Energy drinks: D2C to refine customer knowledge

As new food and beverage brands hit the market, those that gather the most insight into consumer reactions and desires early on have the best chance of success. As a result, many emerging brands are leveraging direct-to-consumer (D2C) online stores to refine their products more agilely than before the rise of e-commerce.

Mike Pengue, CEO of energy drink brand ZOA Energy, which sells both D2C and through third-party retailers, and a veteran of traditional beverage companies such as Keurig, Dr Pepper and Nestlé Waters, told PYMNS how direct selling helped the brand understand which products actually resonated with consumers.

“Especially for a small business, you want to be fast, you want to be nimble,” Pengue told PYMNTS in an interview. “You’re going to stub your toe early, but you want to stub it early and move on, and [D2C] gives us the opportunity to be able to be very, very fast.
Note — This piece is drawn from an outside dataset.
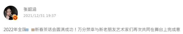 她在配文中直言这次茶话会圆满成功,她万分荣幸与艺术家们一起在舞台上完成了这个意义重大的演出,感恩台前幕后的每一位,祝福大家2022更美好。

Pengue noted that, early on, the company’s efforts with flavors that didn’t prove popular led to the development of the products that are now the most popular. Additionally, he noted that the model also makes it easier for the company to roll out limited-time offers and then “either launch them into the general market or move on to the next project.”

Additionally, Pengue explained that the media tracked by the company has been key to its success in the D2C market, with celebrity Dwayne Johnson as a co-founder. Certainly, the sale of cases online has created new opportunities for many to profit from the fanbases of well-known personalities. Not only D2C product brands, but also virtual-only restaurant chains have emerged as ways to test influencer partnerships without the high cost of brick-and-mortar retailers or restaurants.

In addition to selling products for one-time purchases, the beverage brand is also branching out into subscription commerce.

“We want to create a relationship with our consumers, our main followers,” Pengue said.

In fact, subscription food and beverage purchases are on the rise. Research from PYMNTS’ recent study “How The World Does Digital: The Impact Of Payments On Digital Transformation,” which draws on census-balanced panel surveys of more than 15,000 consumers in 11 key economies, reveals that the use of grocery subscription services jumped 8% between Q1 2022 and Q2 2022.

Related: Research Finds Global Consumer Digital Engagement Jumped 1.2% in Q2

In addition, research from The Subscription Commerce Conversion Index, created in collaboration with subscription-based e-commerce platform sticky.io, which is based on a census-balanced survey of more than 1,900 American adults earlier this year, finds that 56% of consumers would be interested in a grocery subscription if product prices were lower.

See also: Inflation multiplies by 10 the number of consumers reassessing the value of the subscription

Additionally, a study from the February/March edition of PYMNTS’ Digital Divide study, “Digital Divide: Restaurant Subscribers And Loyalty Programs,” found that 17% of consumers are “very” or “extremely” interested in providing a restaurant subscription service, and 25% are concept neutral.

Read more: Four in 10 consumers are open to restaurant subscription services

Additionally, for ZOA, the subscription offer not only builds loyalty, but also provides a research opportunity, as the company solicits feedback from its subscribers, saving time and money on other types of research.

As Pengue explained, “That direct communication, that direct relationship with them is very, very powerful.”